* **Given records**:
[Start of section]
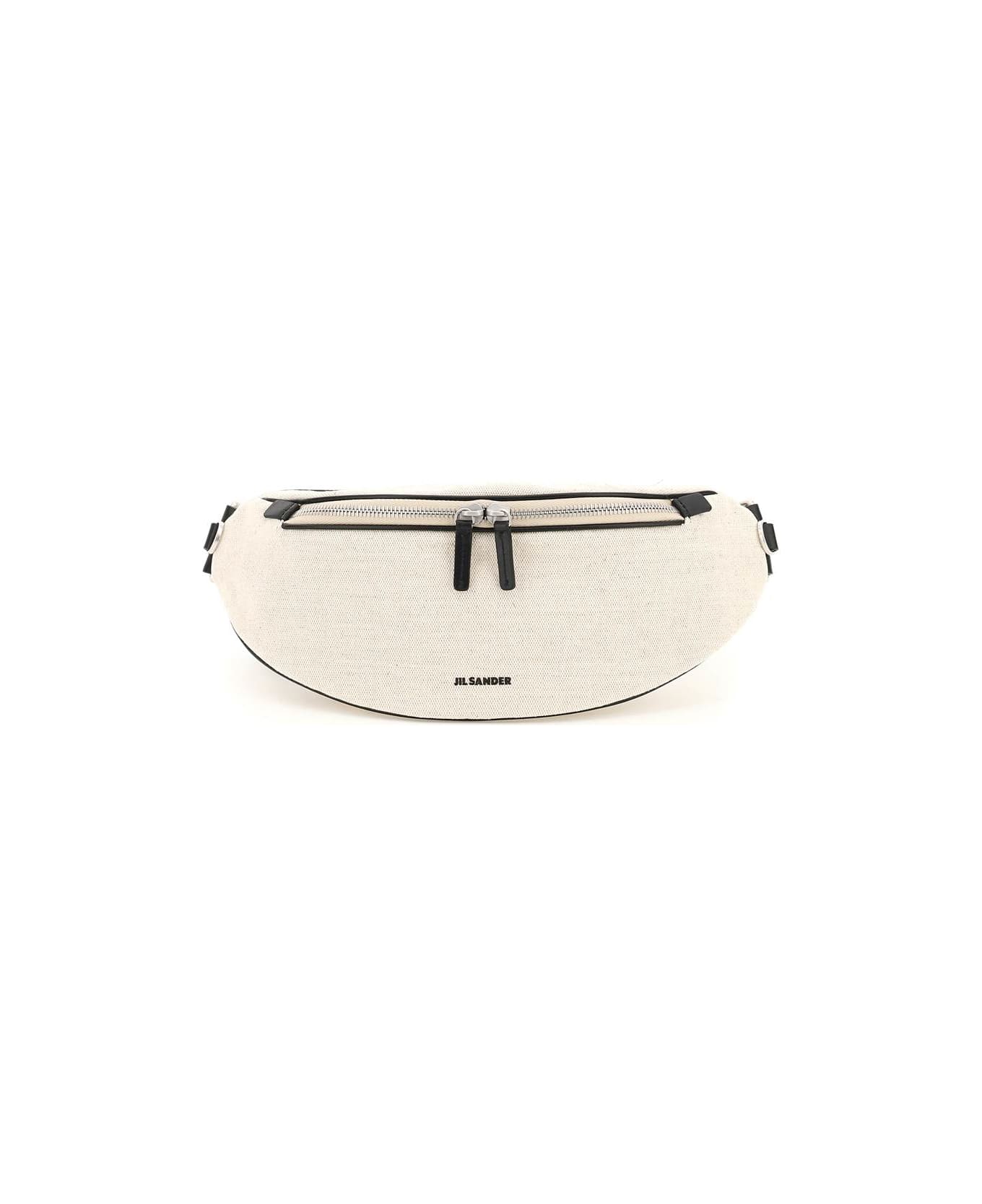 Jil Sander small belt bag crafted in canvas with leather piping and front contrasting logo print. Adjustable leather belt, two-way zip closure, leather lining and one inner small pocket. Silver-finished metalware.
[End of section]
[Start of section]
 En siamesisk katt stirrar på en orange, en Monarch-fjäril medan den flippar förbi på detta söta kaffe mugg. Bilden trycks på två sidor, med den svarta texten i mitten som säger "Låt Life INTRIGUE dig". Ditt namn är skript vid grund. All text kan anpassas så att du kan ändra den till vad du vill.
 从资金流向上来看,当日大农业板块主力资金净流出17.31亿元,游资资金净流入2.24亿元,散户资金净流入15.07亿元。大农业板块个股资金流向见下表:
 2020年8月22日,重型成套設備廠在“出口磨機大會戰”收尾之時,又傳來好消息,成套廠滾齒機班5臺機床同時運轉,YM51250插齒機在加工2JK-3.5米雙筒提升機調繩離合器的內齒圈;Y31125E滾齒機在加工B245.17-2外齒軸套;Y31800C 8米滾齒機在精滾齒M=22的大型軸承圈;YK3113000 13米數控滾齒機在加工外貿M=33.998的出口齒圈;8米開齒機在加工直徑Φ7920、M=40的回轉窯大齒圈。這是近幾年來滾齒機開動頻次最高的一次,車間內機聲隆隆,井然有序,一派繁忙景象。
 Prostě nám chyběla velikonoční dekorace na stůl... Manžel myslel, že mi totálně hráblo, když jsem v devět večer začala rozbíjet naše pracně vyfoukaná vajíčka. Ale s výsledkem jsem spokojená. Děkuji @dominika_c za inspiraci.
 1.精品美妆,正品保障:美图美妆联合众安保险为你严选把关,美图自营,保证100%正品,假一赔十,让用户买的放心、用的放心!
[End of section]
The range runs from the line above containing "Prostě nám chyběla" to the line containing "1.精品美妆,正品保障:美图", inclusive. Restate those lines word for word and no others.

 Prostě nám chyběla velikonoční dekorace na stůl... Manžel myslel, že mi totálně hráblo, když jsem v devět večer začala rozbíjet naše pracně vyfoukaná vajíčka. Ale s výsledkem jsem spokojená. Děkuji @dominika_c za inspiraci.
 1.精品美妆,正品保障:美图美妆联合众安保险为你严选把关,美图自营,保证100%正品,假一赔十,让用户买的放心、用的放心!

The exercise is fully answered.